HEA of AI-Based Solutions for DR Screening
The previous section indicated that the existing reports of HEA of AI-based solutions for DR screening are from countries with established teleophthalmology programs, and systems for training and regular examination of human assessors for DR screening (i.e., United Kingdom and Singapore). Having reviewed these reports, one would arrive at the conclusion that semi-automated screening models are cost-effective (Table 2).20,34,50 Tufail et al.20 reported the cost saving to be 12% to 21% for DR screening in the United Kingdom using ML (an AI-based technology) in comparison with human assessors.17,20 A Scottish study showed a 46.7% cost-reduction by replacing first-level human assessment with automated grading in a national DR screening program.34,37 A study from Singapore suggested that the semi-automated/AI-assisted screening model is cost-effective compared to human assessment for DR screening over a lifetime horizon.50 However, there is no published HEA of a fully-automated DR screening model to date.
Table 2.
Author, Year, Country | Comparators | Screening Model | Measurement of Effect | Economic Outcomes |
---|---|---|---|---|
Scotland et al,34 2007, UK | Semi-automated grading (hybrid approach) vs. manual grading alone | Digital photography and multilevel manual grading systems | The number of appropriate screening outcomes (i.e., defined as final decisions appropriate to actual grade of retinopathy present) and true referable cases detected in one year | Compared to the manual grading model, the semi-automated model led to a saving of £4088 per additional referable case detected, and of £1990 per additional appropriate screening outcome. |
Tufail et al,20 2016, UK | AI-based ML tool as placement for initial manual grading (semi-automated hybrid) | AI-based (ML) two-field fundus photos | Appropriate outcomes (defined as identification of DR present vs. absent by the AI-based software) | AI-based semi-automated hybrid approach (Retmarker and EyeArt) had sufficient specificity to make them cost-effective to manual grading alone, as ICER was $18.69 and $7.14, respectively |
Xie et al,50 2019, Singapore | Semi-automated hybrid approach (DLS-based) vs. manual grading alone | Retinal fundus photographs | QALYs | DLS-based (semi-automated hybrid approach) resulted in a lifetime cost-saving of $135 per patient while maintaining comparable QALYs gained. |
QALYs, quality-adjusted life years;
ICER, incremental cost-effectiveness ratio;
manual grading is equivalent to human assessment.

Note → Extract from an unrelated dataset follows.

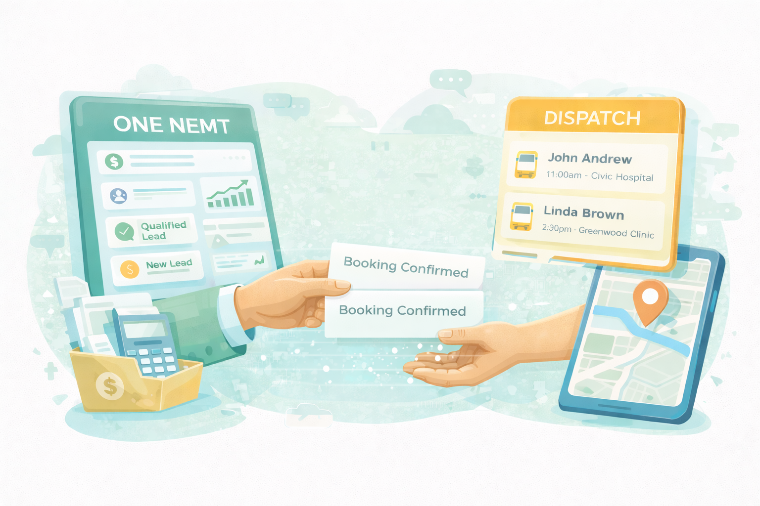 Dispatch manages drivers and routes. ONE NEMT manages demand, intake, conversion, and revenue visibility.

Implications of False Negatives (FNs) in Screening Programs
FN cases are patients with referable DR that are mislabeled as being normal. As a result, these patients may receive delayed care if they are only referred at a subsequent screening interval that could be months or years later. The clinical impact of delayed care is the risk of interim disease progression.51 For DR this can lead to permanent vision loss in severe cases, as they tend to progress faster.52 Even when effective treatment is readily available, a high FN rate puts patients at increased risk of disease progression and vision loss.53,54 Notwithstanding the financial burden on the health care system from disease progression due to late detection, studies also report a psychological impact on patients, loss of public confidence in screening programs, and legal implications as other major consequences of FNs.55
Implications of False Positives (FPs) in Screening Programs
In contrast to FN, a high FP rate of screening programs results in referrals of normal screening subjects for further assessment by an ophthalmologist when it is not required. This will create additional costs for the health care system in terms of resources and manpower being utilized to attend to unnecessary referrals. Moreover, FPs from a screening program could result in unnecessary anxiety and psychological stress for patients.54 However, there is no expert consensus on the acceptable FP rate performance for DR screening to date.56
Image quality is another important consideration in real-world screening implementation. Images with low quality (ungradable images) would be referred to the assessors and could incur additional costs for regrading images or repeat image acquisition if necessary. Nevertheless, the treatment of ungradable images as FP is not yet standard practice. In reports of DL models, several groups have excluded ungradable images from their analyses.18,54 However, this may not reflect the true performance of these solutions in practical application.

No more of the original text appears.